Just three months ago, I wrote about stock markets being in negative territory for 2026. The surprise development of the conflict in Iran, along with historically high valuations and growing concerns of an AI-related bubble, had caused the broader markets to retreat from their previous highs. Fast forward to today, June 23, where an AI-fueled rally has the S&P 500 Index up just under 8% for the year and the NASDAQ Composite Index up nearly 11%, both having increased double digits from their March lows. While the environment for stocks has changed very little since March, the direction of the markets certainly has.

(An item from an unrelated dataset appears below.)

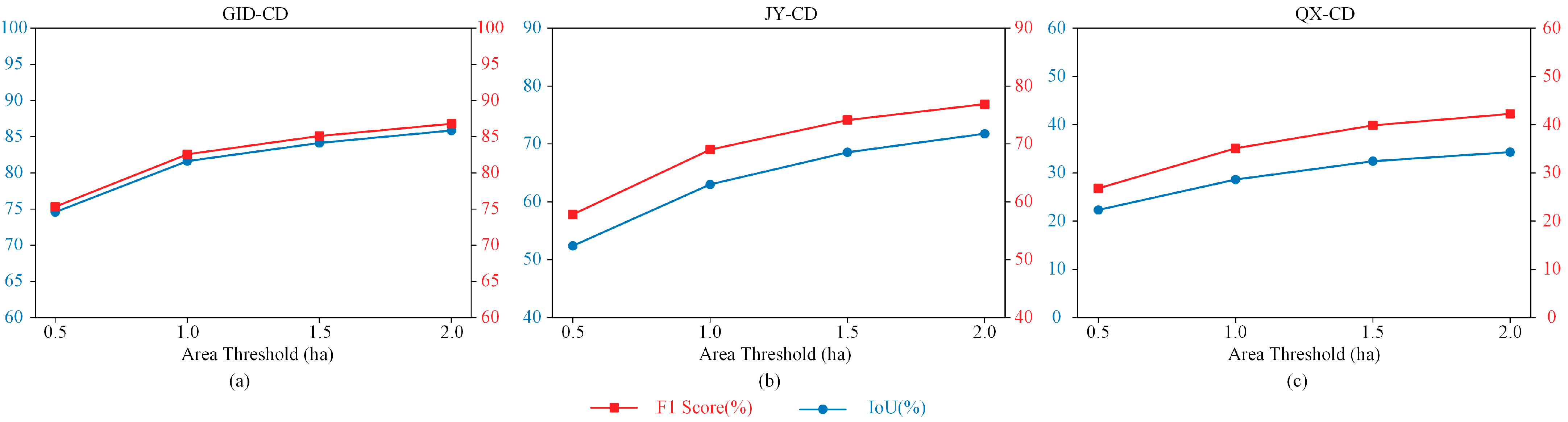 Figure 1), thereby ensuring that no spatial overlap occurred between the training/validation regions and the test regions. Within the training and validation regions, a sliding-window approach with a 50% overlap and a patch size of 256 × 256 pixels was applied to generate a sufficient number of samples. Ultimately, 17,364 and 26,704 training sample blocks were obtained for JY-CD and QX-CD, and 1780 and 2659 validation sample blocks, respectively.
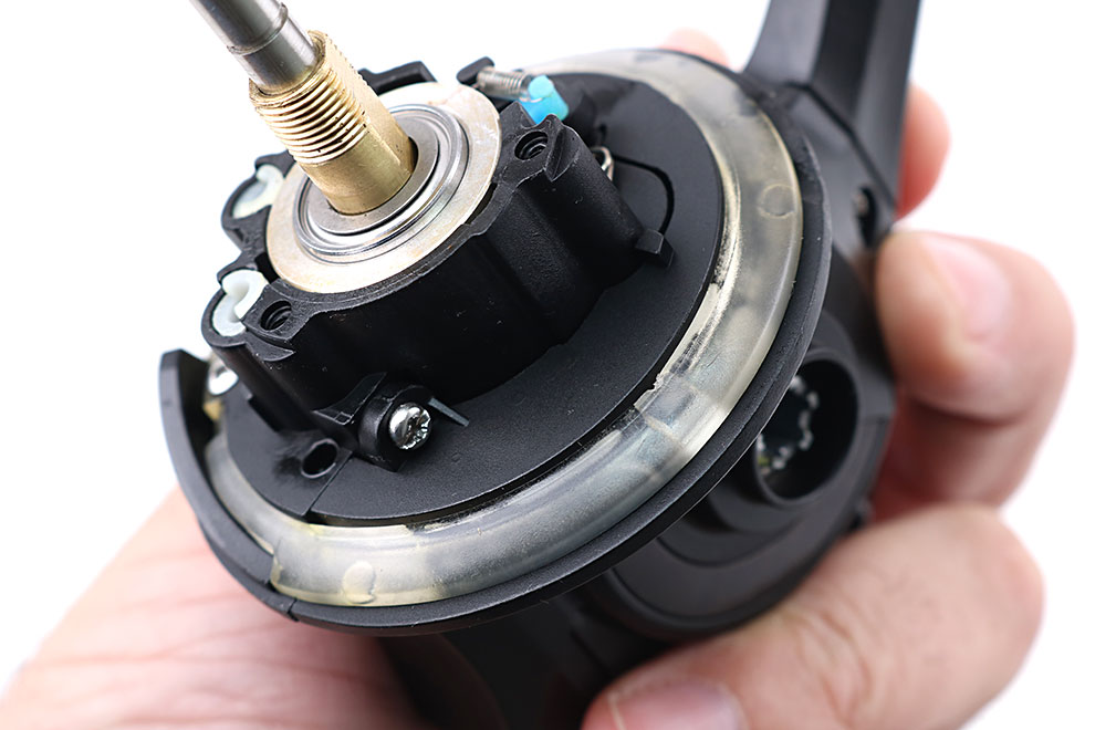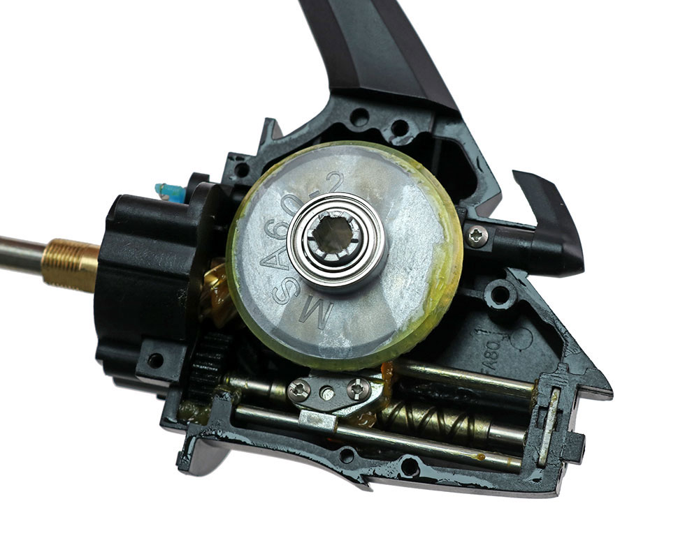 Ceo mehanizam ove mašinice je odlično uležišten, osovine počivaju na kugličnim ležajevima velikog prečnika i sve deluje jako i robusno. Pogonski mehanizam Escola se vrti verovali ili ne na čak 11 kugličnih ležajeva uz dodatak jednosmernog (super-stopera) koji momentalno zaustavlja rotor. Neću nabrajati gde su sve ležajevi jer kad ih ima ovoliko - oni su bukvalno svuda gde se nešto vrti i to najčešće po dva komada u paru (dva su čak i u rukohvatu ručice), što se itekako oseti na lepom, laganom i mekanom radu ove mašinice.

Hopes of an end to the hostilities in Iran, along with enormous amounts of money pouring into AI infrastructure from the likes of Amazon, Alphabet, Microsoft, and Meta have sent the markets to all-time highs. Volatility remains high, but so too does optimism for a resilient U.S economy and strong corporate earnings.
A healthy but slowing economy is likely what we are facing, with the consensus forecast for full-year 2026 gross domestic product (GDP) now at 2.1%-2.3%. The economy expanded at a 2.0% rate in the first quarter. While the labor market is showing signs of slowing, the unemployment rate (currently 4.3%) remains low by historical measures. Expectations of further rate cuts by the Federal Reserve (Fed) have gone by the wayside, and Fed officials are now projecting at least one rate hike before year-end. Inflation remaining stubbornly above the Federal Reserve’s target, trade tariffs and higher energy prices will remain headwinds for the U.S. economy for the foreseeable future. However, analysts point to the record net worth of retiring baby boomers and continued capital spending by technology companies as offsetting factors to keep the underlying economy in a good position for the near-term.
Corporate earnings are expected to rise and be a catalyst for the continuation of this current bull market cycle. Analysts project double-digit growth for 2026 and 2027. Business confidence remains high, with a recent J.P. Morgan Research study indicating approximately 73% of business leaders anticipate increased revenue and 64% expect higher profits.
The second half of 2026 is likely to see increased volatility in the markets as investors take a more cautious approach. Analysts are generally bullish but higher valuations, persistent inflation and geopolitical risks remain a concern. Continued capital spending, strong corporate earnings and a stable job market should allow for solid U.S. economic growth throughout 2026 and into 2027.